■ INPUT RECORDS
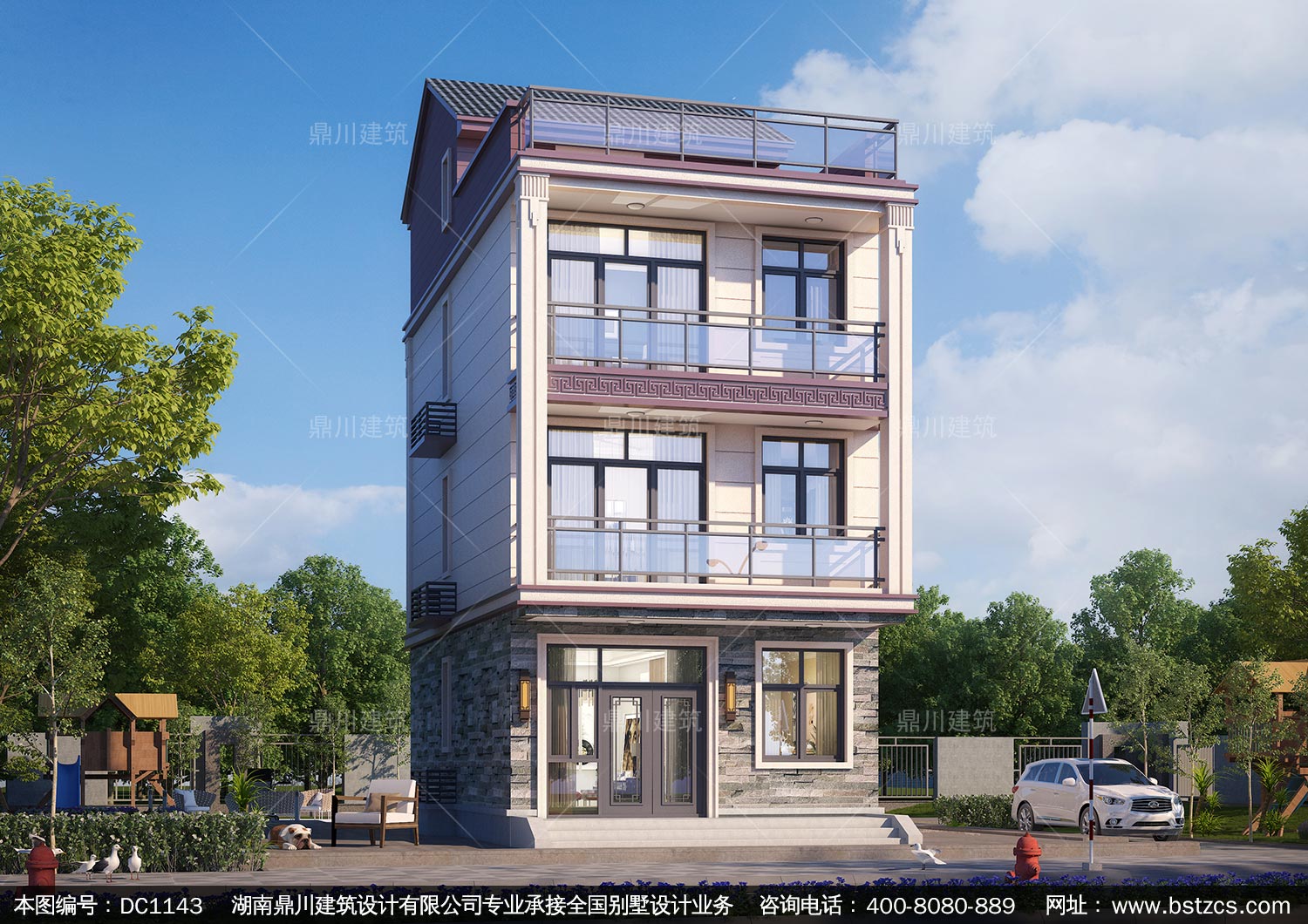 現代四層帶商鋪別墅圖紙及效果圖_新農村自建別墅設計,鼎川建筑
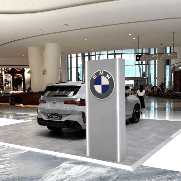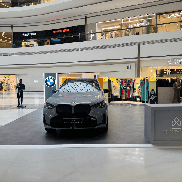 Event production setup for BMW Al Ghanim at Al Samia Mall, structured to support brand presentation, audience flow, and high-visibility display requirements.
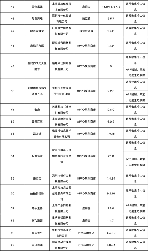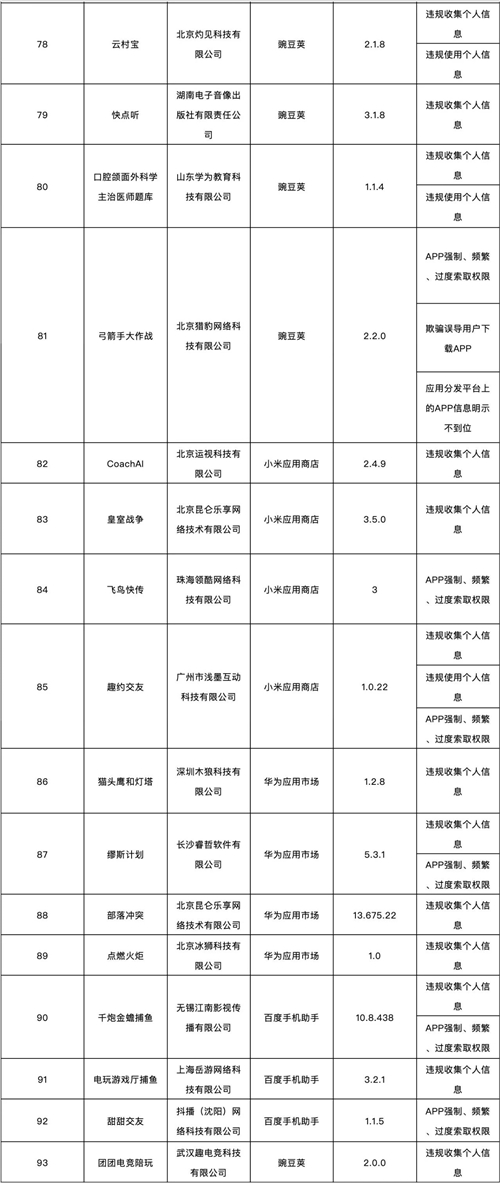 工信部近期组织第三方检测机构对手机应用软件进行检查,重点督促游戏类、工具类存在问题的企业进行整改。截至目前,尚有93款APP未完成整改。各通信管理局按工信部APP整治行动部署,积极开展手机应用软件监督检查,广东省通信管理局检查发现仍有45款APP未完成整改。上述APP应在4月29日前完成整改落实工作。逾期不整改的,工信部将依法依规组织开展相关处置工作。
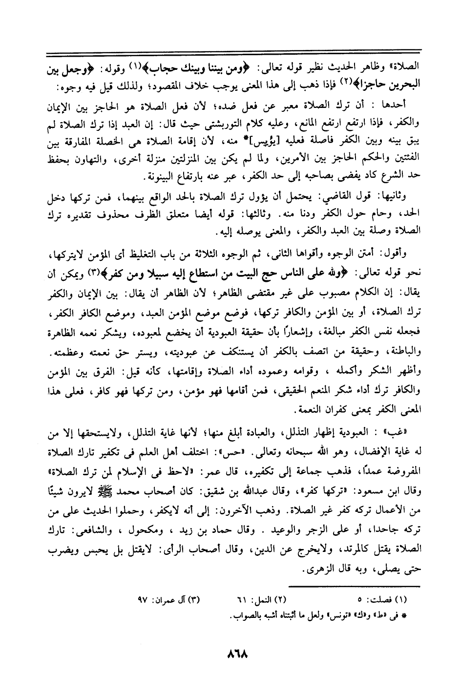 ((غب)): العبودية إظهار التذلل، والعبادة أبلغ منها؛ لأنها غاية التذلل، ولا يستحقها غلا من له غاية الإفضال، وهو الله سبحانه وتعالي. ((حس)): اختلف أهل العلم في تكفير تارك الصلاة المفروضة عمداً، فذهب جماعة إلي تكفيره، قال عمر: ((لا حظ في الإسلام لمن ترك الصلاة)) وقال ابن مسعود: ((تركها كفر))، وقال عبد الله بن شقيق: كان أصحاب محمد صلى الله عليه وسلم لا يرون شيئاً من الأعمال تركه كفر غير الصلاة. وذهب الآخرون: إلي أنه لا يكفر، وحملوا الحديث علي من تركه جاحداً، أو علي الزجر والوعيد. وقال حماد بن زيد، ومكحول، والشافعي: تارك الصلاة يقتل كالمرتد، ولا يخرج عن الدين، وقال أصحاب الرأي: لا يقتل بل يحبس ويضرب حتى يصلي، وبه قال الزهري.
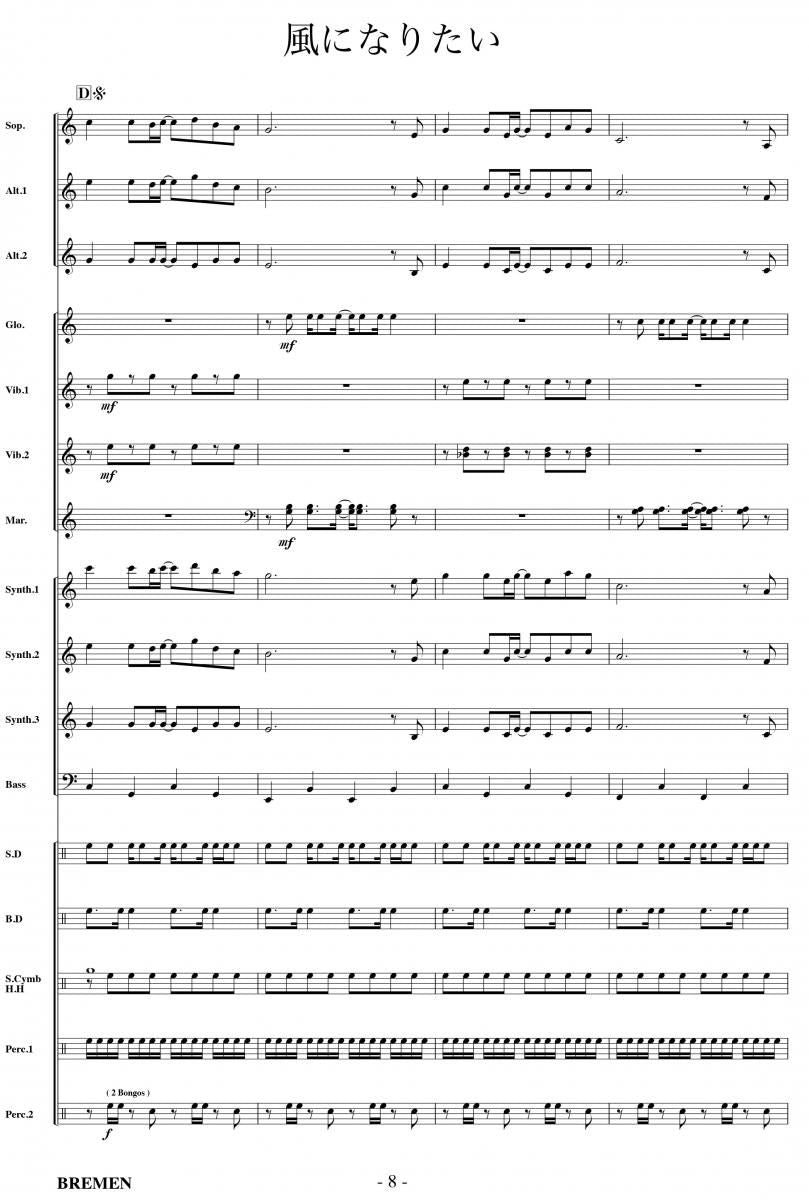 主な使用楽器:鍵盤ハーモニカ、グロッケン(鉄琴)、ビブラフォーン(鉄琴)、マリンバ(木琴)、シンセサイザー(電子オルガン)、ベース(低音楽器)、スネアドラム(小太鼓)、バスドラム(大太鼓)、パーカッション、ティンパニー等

■ EXERCISE
Drop the pictures; repeat the listing above exactly.

■ COMPLETED TASK
 現代四層帶商鋪別墅圖紙及效果圖_新農村自建別墅設計,鼎川建筑
 Event production setup for BMW Al Ghanim at Al Samia Mall, structured to support brand presentation, audience flow, and high-visibility display requirements.
 工信部近期组织第三方检测机构对手机应用软件进行检查,重点督促游戏类、工具类存在问题的企业进行整改。截至目前,尚有93款APP未完成整改。各通信管理局按工信部APP整治行动部署,积极开展手机应用软件监督检查,广东省通信管理局检查发现仍有45款APP未完成整改。上述APP应在4月29日前完成整改落实工作。逾期不整改的,工信部将依法依规组织开展相关处置工作。
 ((غب)): العبودية إظهار التذلل، والعبادة أبلغ منها؛ لأنها غاية التذلل، ولا يستحقها غلا من له غاية الإفضال، وهو الله سبحانه وتعالي. ((حس)): اختلف أهل العلم في تكفير تارك الصلاة المفروضة عمداً، فذهب جماعة إلي تكفيره، قال عمر: ((لا حظ في الإسلام لمن ترك الصلاة)) وقال ابن مسعود: ((تركها كفر))، وقال عبد الله بن شقيق: كان أصحاب محمد صلى الله عليه وسلم لا يرون شيئاً من الأعمال تركه كفر غير الصلاة. وذهب الآخرون: إلي أنه لا يكفر، وحملوا الحديث علي من تركه جاحداً، أو علي الزجر والوعيد. وقال حماد بن زيد، ومكحول، والشافعي: تارك الصلاة يقتل كالمرتد، ولا يخرج عن الدين، وقال أصحاب الرأي: لا يقتل بل يحبس ويضرب حتى يصلي، وبه قال الزهري.
 主な使用楽器:鍵盤ハーモニカ、グロッケン(鉄琴)、ビブラフォーン(鉄琴)、マリンバ(木琴)、シンセサイザー(電子オルガン)、ベース(低音楽器)、スネアドラム(小太鼓)、バスドラム(大太鼓)、パーカッション、ティンパニー等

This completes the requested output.